George, 53, who has spent much of her career in bank supervision, has served as first vice president since 2009 and joined the bank in 1982, the Kansas City Fed said in a statement today. Hoenig, 65, who dissented from all Fed monetary-policy decisions in 2010, departs Oct. 1 under the retirement-age policy for regional Fed presidents.
George, who will vote on monetary policy in 2013, joins an unusually divided Fed policy-making group contending with unemployment at 9.1 percent and rising inflation. She may echo Hoenig’s opposition to record monetary stimulus and his criticism of policies supporting banks deemed “too big to fail,” said Troy Davig, a former Kansas City Fed researcher.
“She’s been listening to Tom for 20 years and working closely with him,” said Davig, now a senior economist at Barclays Capital in New York. “From everything I saw when I was there, they have a fantastic relationship, and I think that she was very convinced by his views.”
The Kansas City Fed doesn’t have texts available for speeches by George in recent years. She spoke in 2008 at a Commodity Futures Trading Commission forum in Washington, discussing then-emerging strains in agricultural finance, according to remarks posted on the CFTC’s website.
“The financial and economic landscape is changing in our region and around the world, and I am mindful of the challenges ahead,” George said in today’s statement.
During Hoenig’s 20-year career as leader of the Kansas City Fed, he repeatedly urged the Federal Open Market Committee to tighten monetary policy to prevent inflation from accelerating and asset-price bubbles from emerging. He voted eight straight times last year against near-zero interest rates and, later, bond purchases backed by Chairman Ben S. Bernanke, tying former Governor Henry Wallich’s record in 1980 for most dissents in a single year.
In congressional testimony July 26, Hoenig said the Fed shouldn’t subsidize investment banks by holding rates artificially low. “It is not the Federal Reserve’s job to pave the yield curve with guaranteed returns for any sector of the economy, and we should not be guaranteeing a return for Wall Street or any special interest group,” he said.
Three Fed presidents, representing the Dallas, Philadelphia and Minneapolis districts, dissented from the Fed’s Aug. 9 commitment to keep the target interest rate near zero until mid- 2013. That was the most “no” votes since 1992.
George’s appointment maintains the level of banking expertise on an FOMC where a majority of participants, like Bernanke, are Ph.D. economists. George was born in St. Joseph, Missouri, and holds a bachelor’s degree from Missouri Western State University in St. Joseph and an MBA from the University of Missouri-Kansas City.

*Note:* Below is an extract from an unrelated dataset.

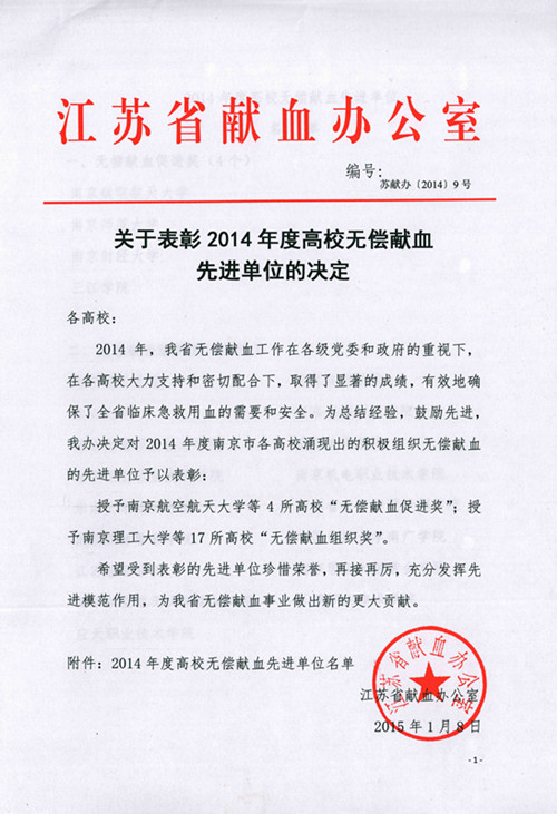 江苏省献血办公室表彰文件
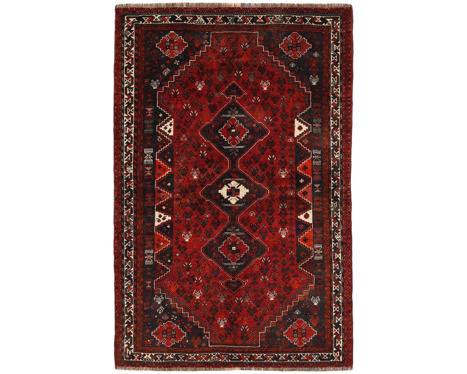 Kashghai-mattorna är handknutna ullmattor som kännetecknas av djupa färger, särskilt rika röda toner, och en tät konstruktion. Det geometriska mönstret är ofta uppbyggt med medaljonger längs en central axel eller placerade i mitten och hörnen, medan den övriga ytan fylls av mindre geometriska motiv. Traditionella mönster som Harshang och inslag inspirerade av Persepolis är vanliga och ger mattorna ett mycket detaljrikt uttryck. Knuttätheten varierar mellan 150 000 och 250 000 knutar per kvadratmeter. Oanvänd.

From 2001 to 2009, she was senior vice president in charge of the Division of Supervision and Risk Management, overseeing regulation of the Kansas City Fed district’s 170 state-chartered member banks and almost 1,000 bank and financial holding companies, today’s statement said. She worked in Washington in 2009 as acting director of bank supervision for the entire Fed system.
George will also continue Hoenig’s tradition of hosting and choosing topics and speakers for the regional bank’s marquee event, the annual summer symposium in Jackson Hole, Wyoming. The gathering draws dozens of central bankers from around the world.
Internal Fed Rules
Hoenig will retire exactly two decades after beginning his tenure in 1991. He is required under internal Fed rules to retire at age 65, an age he reached Sept. 6.
Hoenig lost his vote on monetary policy this year as part of an annual rotation among 11 of the 12 leaders of the regional Fed banks. The heads of the Chicago, Philadelphia, Minneapolis and Dallas banks vote this year. The New York Fed president has a permanent vote.
Adding George brings to two the number of women among the 12 regional Fed presidents. Sandra Pianalto has headed the Cleveland Fed since 2003, the longest tenure among regional chiefs after Hoenig. The Fed’s Board of Governors has three women out of five current members.
The last opening among Fed bank presidents was filled by John C. Williams, former research director of San Francisco Fed, who was promoted on March 1 to be that bank’s president.
Fed presidents are selected by boards of directors consisting of local business and community leaders chosen by banks in the region and by Fed officials in Washington. Bernanke and the Board of Governors have final say over the appointment of presidents. The Dodd-Frank Act of 2010 overhauling financial regulation removed commercial banks from having a direct say in the selection process.
The Kansas City Fed search committee was led by Terry Moore, president of the Omaha Federation of Labor in Nebraska and a member of the regional bank’s board of directors.
The Kansas City Fed is one of the 12 regional banks that aid in supervising commercial banks and processing checks as well as reporting on regional business conditions. The Kansas City district represents Colorado, Kansas, Nebraska, Oklahoma, Wyoming, northern New Mexico and the western third of Missouri.